EXERCISE GOAL: Beginning with the line that contains "Use the opening" in the material below, print each line exactly until the line that contains "SHU KAWASAKIのシャツ/ブラウス「先染 NUANCE" has been printed, then stop.

PROVIDED RECORDS:

────

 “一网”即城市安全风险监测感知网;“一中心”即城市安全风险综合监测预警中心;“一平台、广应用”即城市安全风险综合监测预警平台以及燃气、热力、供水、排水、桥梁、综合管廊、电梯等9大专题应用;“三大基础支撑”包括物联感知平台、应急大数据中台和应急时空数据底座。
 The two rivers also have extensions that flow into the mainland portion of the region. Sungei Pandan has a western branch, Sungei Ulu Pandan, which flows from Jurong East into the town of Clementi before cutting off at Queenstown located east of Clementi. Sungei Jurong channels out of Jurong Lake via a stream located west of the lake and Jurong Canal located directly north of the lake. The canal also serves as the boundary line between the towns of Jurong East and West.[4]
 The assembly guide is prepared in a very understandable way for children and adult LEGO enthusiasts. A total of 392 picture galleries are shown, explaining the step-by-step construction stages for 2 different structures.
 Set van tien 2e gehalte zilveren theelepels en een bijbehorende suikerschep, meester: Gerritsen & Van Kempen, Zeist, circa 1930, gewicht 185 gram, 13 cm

────

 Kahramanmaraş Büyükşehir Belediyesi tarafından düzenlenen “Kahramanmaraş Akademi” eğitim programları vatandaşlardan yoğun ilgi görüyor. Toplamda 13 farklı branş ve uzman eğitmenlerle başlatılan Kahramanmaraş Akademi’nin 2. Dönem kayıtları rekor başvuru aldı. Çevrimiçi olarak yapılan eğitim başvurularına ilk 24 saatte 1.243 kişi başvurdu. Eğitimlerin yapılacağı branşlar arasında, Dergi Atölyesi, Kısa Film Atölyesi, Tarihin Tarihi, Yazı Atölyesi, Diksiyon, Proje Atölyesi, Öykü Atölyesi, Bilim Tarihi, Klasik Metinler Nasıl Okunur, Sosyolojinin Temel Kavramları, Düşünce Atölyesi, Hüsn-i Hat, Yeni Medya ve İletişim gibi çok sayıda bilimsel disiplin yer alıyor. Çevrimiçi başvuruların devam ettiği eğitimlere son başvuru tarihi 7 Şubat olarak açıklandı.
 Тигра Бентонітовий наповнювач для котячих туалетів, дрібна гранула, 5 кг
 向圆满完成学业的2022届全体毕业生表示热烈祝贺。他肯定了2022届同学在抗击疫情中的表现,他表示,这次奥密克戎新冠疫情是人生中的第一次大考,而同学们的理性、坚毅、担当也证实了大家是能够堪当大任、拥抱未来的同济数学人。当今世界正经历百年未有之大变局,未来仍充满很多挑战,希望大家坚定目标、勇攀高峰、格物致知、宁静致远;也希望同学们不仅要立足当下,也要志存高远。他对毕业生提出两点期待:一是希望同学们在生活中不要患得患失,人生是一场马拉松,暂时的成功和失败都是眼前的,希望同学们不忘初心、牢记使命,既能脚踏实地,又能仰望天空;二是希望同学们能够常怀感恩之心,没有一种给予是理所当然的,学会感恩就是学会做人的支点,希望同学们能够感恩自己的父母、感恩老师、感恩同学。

────

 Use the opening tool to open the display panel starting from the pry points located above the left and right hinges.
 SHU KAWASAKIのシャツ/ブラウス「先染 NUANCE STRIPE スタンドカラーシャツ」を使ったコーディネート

────

EXERCISE ANSWER:
 Use the opening tool to open the display panel starting from the pry points located above the left and right hinges.
 SHU KAWASAKIのシャツ/ブラウス「先染 NUANCE STRIPE スタンドカラーシャツ」を使ったコーディネート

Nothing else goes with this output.